■ PROBLEM TO WORK ON
Below are the records; copy exactly the stretch from the line containing "Castable Abutment with" through the line containing "Mit dabei eine", both ends included, and nothing else.

■ INPUT DATA
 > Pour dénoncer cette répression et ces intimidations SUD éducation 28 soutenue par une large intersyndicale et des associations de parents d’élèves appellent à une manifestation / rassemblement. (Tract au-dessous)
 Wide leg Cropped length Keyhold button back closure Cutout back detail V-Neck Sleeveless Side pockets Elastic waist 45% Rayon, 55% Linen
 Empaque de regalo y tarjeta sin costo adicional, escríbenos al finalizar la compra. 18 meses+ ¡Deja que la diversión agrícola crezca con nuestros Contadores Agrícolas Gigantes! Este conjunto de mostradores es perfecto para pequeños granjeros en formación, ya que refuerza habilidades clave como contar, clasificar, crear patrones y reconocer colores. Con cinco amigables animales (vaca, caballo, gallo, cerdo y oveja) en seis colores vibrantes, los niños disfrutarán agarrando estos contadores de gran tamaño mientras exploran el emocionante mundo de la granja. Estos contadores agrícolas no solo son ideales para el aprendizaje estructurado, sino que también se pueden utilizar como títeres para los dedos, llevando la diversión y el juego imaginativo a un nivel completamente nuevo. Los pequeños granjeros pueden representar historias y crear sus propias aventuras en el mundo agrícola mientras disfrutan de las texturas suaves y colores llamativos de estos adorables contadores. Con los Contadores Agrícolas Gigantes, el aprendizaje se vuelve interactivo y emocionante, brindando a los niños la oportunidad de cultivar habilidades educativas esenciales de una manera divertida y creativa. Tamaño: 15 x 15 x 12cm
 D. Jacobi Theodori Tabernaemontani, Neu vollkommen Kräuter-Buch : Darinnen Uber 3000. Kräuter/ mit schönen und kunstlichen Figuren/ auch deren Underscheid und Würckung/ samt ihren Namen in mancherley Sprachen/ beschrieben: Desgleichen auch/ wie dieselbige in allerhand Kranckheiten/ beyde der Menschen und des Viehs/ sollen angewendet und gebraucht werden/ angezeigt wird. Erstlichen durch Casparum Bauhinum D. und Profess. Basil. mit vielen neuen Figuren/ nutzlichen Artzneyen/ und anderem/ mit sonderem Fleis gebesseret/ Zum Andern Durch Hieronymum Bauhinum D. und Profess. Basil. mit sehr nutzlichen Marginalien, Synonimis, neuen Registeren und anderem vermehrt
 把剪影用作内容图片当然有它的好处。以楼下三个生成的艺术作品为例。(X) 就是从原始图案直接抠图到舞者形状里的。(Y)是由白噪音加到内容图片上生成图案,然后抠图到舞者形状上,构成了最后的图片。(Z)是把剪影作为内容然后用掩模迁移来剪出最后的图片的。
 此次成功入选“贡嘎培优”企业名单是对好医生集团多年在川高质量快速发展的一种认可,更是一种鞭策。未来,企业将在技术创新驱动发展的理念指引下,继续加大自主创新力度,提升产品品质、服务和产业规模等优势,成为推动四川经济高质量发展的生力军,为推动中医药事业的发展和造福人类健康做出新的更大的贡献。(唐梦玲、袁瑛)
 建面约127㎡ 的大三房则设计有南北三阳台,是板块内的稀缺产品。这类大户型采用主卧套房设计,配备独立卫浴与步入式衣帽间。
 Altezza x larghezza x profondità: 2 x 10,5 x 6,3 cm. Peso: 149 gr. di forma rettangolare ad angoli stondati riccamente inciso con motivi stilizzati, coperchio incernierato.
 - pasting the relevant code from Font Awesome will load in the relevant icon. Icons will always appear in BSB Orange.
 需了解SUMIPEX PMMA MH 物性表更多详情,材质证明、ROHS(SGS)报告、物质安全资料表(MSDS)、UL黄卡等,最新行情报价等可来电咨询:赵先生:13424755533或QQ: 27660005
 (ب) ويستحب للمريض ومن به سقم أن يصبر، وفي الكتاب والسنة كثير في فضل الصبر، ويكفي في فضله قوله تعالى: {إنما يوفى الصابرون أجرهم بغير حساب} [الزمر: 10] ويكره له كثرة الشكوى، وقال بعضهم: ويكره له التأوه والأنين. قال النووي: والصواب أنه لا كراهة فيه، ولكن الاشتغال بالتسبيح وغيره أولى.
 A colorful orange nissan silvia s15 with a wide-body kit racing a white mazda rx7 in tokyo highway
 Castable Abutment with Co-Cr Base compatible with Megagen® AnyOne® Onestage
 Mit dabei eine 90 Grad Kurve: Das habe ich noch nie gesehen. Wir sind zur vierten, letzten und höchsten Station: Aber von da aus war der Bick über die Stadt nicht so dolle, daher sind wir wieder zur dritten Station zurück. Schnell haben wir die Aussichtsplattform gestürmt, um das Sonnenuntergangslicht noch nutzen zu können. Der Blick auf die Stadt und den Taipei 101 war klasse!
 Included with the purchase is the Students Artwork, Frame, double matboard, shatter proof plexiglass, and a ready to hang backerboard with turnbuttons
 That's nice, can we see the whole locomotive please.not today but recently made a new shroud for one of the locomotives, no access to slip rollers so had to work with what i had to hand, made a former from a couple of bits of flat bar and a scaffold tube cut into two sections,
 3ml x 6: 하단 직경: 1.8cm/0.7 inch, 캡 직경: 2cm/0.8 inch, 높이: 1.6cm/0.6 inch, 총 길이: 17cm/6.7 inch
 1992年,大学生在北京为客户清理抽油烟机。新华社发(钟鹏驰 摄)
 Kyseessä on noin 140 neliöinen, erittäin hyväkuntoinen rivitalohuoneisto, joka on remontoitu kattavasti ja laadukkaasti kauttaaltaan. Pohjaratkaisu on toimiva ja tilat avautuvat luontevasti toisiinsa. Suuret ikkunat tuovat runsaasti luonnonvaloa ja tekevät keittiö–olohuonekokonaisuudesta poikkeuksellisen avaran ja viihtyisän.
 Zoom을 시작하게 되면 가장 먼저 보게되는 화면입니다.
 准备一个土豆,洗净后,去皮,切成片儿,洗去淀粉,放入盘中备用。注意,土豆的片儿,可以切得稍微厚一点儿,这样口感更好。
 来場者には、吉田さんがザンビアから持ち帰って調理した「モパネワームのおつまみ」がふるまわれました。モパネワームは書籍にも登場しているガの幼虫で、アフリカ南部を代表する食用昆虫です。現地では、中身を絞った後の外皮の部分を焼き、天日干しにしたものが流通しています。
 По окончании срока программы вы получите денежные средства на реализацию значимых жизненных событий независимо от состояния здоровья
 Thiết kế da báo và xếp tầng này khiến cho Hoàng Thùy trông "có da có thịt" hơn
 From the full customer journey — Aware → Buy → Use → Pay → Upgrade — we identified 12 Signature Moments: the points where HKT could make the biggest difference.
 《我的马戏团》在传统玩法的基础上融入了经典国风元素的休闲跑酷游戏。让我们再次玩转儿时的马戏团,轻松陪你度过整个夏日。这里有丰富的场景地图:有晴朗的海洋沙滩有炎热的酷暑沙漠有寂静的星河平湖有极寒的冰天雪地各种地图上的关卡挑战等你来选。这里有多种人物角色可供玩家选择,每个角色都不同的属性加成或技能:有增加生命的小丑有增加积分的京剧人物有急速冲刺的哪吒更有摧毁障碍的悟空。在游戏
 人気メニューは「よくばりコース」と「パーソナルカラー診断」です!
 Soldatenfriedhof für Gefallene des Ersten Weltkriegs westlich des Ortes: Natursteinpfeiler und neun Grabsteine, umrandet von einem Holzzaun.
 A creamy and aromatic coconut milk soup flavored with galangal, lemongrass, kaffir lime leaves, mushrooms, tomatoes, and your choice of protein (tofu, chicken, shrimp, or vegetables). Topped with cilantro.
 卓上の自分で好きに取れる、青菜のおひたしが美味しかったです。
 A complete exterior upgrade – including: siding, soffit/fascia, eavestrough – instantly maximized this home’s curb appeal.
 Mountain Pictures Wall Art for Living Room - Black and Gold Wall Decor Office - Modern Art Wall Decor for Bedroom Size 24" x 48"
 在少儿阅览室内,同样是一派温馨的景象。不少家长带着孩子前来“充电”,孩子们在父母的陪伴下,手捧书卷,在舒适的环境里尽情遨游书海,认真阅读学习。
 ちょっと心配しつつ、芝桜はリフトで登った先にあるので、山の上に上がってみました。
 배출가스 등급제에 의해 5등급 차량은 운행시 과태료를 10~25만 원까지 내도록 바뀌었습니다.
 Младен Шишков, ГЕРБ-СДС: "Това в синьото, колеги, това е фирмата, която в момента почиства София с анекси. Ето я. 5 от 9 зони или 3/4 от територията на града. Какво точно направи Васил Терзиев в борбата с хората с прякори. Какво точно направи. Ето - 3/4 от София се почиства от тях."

■ WRITTEN RESPONSE
 Castable Abutment with Co-Cr Base compatible with Megagen® AnyOne® Onestage
 Mit dabei eine 90 Grad Kurve: Das habe ich noch nie gesehen. Wir sind zur vierten, letzten und höchsten Station: Aber von da aus war der Bick über die Stadt nicht so dolle, daher sind wir wieder zur dritten Station zurück. Schnell haben wir die Aussichtsplattform gestürmt, um das Sonnenuntergangslicht noch nutzen zu können. Der Blick auf die Stadt und den Taipei 101 war klasse!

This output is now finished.